## WORK INSTRUCTION
Print exactly the lines below between the line holding "教科网12月4日电(记者 倪" and the line holding "- 알러지 유의: 알러지", inclusive, and nothing more.

## SOURCE RECORDS
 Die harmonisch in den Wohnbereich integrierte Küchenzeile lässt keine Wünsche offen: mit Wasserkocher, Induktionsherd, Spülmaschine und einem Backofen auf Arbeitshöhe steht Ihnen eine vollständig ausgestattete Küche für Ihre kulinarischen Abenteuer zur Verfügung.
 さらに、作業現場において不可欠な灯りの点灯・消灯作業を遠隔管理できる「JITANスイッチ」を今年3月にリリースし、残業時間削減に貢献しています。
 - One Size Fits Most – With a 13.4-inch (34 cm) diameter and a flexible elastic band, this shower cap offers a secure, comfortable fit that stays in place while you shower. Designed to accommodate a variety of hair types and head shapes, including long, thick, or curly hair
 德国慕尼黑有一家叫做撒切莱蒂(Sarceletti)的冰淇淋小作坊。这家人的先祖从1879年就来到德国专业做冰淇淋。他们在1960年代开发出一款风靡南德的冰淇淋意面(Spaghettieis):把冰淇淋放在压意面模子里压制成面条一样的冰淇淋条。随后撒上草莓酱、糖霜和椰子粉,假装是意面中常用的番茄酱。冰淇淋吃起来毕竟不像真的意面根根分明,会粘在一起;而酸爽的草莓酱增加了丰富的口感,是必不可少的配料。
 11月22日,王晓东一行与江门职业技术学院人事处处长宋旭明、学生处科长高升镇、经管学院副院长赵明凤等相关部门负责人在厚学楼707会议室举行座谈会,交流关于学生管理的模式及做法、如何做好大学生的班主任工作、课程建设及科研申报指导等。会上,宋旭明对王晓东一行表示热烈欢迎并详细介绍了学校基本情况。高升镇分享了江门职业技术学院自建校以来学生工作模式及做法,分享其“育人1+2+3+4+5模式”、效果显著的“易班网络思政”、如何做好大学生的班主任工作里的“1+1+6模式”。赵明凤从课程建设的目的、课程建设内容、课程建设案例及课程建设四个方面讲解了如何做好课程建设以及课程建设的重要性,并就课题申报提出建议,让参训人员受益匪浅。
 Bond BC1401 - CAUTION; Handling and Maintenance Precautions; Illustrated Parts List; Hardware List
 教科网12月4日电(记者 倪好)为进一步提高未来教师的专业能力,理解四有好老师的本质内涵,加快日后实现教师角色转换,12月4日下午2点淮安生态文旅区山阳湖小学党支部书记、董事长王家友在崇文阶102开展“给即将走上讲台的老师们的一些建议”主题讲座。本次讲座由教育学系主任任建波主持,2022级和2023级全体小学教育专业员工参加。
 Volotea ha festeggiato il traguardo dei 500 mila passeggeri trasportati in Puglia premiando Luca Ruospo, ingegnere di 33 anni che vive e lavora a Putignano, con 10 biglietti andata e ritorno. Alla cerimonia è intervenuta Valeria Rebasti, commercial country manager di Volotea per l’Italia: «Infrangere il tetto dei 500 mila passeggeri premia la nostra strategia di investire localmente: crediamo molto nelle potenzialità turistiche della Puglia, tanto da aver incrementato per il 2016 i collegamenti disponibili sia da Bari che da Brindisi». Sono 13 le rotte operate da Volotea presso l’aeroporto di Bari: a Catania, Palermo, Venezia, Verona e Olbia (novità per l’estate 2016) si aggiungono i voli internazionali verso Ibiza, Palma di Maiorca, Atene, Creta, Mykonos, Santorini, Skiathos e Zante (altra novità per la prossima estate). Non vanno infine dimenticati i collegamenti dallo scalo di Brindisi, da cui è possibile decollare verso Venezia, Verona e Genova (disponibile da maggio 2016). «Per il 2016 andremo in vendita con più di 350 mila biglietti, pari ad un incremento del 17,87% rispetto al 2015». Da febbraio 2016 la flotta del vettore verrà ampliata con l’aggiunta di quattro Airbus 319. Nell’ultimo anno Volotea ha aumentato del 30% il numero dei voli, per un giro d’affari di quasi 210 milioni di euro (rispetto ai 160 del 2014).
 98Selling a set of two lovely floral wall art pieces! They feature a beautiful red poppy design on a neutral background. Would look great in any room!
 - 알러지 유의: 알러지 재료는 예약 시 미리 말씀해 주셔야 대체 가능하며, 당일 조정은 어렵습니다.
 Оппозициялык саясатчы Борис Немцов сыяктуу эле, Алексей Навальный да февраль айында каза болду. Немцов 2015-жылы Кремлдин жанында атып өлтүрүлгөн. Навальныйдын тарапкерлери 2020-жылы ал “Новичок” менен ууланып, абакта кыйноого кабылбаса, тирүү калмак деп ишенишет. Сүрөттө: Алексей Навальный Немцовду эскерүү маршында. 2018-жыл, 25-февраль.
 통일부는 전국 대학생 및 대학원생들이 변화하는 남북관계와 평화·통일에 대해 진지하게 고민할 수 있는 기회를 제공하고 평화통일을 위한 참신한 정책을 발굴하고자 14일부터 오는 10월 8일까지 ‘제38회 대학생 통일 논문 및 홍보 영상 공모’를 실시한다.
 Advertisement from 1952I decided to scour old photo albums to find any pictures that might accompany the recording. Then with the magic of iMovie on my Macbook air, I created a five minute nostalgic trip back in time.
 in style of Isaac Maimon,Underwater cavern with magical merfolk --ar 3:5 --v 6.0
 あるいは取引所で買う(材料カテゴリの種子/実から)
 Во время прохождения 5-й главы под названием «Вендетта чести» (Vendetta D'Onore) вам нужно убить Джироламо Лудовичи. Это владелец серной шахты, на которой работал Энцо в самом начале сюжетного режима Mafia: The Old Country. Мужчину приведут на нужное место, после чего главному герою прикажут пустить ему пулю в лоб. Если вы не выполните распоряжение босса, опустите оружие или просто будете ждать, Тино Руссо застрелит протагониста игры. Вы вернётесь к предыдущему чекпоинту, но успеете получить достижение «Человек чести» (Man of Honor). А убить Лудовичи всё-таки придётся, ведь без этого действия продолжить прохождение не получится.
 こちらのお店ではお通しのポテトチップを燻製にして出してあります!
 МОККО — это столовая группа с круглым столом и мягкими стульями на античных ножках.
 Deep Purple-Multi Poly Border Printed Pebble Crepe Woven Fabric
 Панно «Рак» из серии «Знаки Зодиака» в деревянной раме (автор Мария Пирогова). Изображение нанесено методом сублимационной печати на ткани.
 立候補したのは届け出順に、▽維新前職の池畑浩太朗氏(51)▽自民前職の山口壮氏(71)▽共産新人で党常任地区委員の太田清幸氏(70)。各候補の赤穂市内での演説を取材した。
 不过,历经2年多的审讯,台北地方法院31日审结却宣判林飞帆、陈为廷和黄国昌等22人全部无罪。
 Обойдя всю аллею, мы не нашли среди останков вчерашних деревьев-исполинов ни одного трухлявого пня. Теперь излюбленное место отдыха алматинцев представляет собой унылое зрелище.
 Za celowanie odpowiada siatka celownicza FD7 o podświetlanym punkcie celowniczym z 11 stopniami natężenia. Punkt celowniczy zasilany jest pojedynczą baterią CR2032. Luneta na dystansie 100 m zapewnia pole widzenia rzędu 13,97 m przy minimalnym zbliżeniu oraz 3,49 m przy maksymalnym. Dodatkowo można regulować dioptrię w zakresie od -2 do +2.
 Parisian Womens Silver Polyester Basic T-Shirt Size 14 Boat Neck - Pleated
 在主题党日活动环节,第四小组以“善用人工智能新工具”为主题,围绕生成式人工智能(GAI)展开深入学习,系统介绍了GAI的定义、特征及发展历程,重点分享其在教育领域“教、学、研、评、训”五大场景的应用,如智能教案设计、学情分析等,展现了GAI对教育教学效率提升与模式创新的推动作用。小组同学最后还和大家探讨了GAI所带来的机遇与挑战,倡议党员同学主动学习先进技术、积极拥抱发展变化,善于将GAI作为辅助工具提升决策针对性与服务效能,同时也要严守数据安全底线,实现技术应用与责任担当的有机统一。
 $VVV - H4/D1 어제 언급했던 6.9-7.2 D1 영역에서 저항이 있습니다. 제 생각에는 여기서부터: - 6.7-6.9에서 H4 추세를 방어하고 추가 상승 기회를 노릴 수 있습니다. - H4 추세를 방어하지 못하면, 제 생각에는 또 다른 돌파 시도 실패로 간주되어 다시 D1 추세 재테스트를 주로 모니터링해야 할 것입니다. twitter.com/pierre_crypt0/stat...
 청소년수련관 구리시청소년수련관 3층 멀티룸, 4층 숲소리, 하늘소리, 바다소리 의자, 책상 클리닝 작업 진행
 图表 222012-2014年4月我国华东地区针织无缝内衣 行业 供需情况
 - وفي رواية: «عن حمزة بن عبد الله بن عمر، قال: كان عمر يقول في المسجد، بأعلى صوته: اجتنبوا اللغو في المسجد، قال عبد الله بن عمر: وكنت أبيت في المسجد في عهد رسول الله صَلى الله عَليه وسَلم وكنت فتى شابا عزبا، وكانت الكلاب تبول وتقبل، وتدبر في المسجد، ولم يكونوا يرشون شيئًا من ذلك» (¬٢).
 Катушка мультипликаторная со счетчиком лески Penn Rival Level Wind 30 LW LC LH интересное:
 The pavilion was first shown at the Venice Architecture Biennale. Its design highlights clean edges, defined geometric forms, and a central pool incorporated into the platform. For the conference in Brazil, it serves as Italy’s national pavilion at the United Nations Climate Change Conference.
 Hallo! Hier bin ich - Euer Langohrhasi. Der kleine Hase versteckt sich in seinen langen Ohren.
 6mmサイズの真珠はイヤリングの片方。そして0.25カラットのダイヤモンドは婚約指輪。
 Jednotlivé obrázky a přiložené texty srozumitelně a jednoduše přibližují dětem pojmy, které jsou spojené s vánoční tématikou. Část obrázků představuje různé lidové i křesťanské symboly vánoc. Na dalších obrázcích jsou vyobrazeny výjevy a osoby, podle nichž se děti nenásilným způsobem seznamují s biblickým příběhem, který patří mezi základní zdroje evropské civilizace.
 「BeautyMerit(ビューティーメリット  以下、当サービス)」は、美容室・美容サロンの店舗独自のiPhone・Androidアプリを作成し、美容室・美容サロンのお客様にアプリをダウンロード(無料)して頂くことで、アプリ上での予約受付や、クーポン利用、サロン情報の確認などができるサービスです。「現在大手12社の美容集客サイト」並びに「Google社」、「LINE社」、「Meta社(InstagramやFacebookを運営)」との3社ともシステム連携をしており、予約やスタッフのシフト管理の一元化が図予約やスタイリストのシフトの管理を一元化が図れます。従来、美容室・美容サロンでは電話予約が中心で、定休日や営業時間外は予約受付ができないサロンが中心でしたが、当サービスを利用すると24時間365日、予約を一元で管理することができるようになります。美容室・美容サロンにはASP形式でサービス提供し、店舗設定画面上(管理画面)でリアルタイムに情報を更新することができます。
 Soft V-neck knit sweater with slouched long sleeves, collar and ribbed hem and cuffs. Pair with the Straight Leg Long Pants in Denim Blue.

## RESPONSE BOX
 教科网12月4日电(记者 倪好)为进一步提高未来教师的专业能力,理解四有好老师的本质内涵,加快日后实现教师角色转换,12月4日下午2点淮安生态文旅区山阳湖小学党支部书记、董事长王家友在崇文阶102开展“给即将走上讲台的老师们的一些建议”主题讲座。本次讲座由教育学系主任任建波主持,2022级和2023级全体小学教育专业员工参加。
 Volotea ha festeggiato il traguardo dei 500 mila passeggeri trasportati in Puglia premiando Luca Ruospo, ingegnere di 33 anni che vive e lavora a Putignano, con 10 biglietti andata e ritorno. Alla cerimonia è intervenuta Valeria Rebasti, commercial country manager di Volotea per l’Italia: «Infrangere il tetto dei 500 mila passeggeri premia la nostra strategia di investire localmente: crediamo molto nelle potenzialità turistiche della Puglia, tanto da aver incrementato per il 2016 i collegamenti disponibili sia da Bari che da Brindisi». Sono 13 le rotte operate da Volotea presso l’aeroporto di Bari: a Catania, Palermo, Venezia, Verona e Olbia (novità per l’estate 2016) si aggiungono i voli internazionali verso Ibiza, Palma di Maiorca, Atene, Creta, Mykonos, Santorini, Skiathos e Zante (altra novità per la prossima estate). Non vanno infine dimenticati i collegamenti dallo scalo di Brindisi, da cui è possibile decollare verso Venezia, Verona e Genova (disponibile da maggio 2016). «Per il 2016 andremo in vendita con più di 350 mila biglietti, pari ad un incremento del 17,87% rispetto al 2015». Da febbraio 2016 la flotta del vettore verrà ampliata con l’aggiunta di quattro Airbus 319. Nell’ultimo anno Volotea ha aumentato del 30% il numero dei voli, per un giro d’affari di quasi 210 milioni di euro (rispetto ai 160 del 2014).
 98Selling a set of two lovely floral wall art pieces! They feature a beautiful red poppy design on a neutral background. Would look great in any room!
 - 알러지 유의: 알러지 재료는 예약 시 미리 말씀해 주셔야 대체 가능하며, 당일 조정은 어렵습니다.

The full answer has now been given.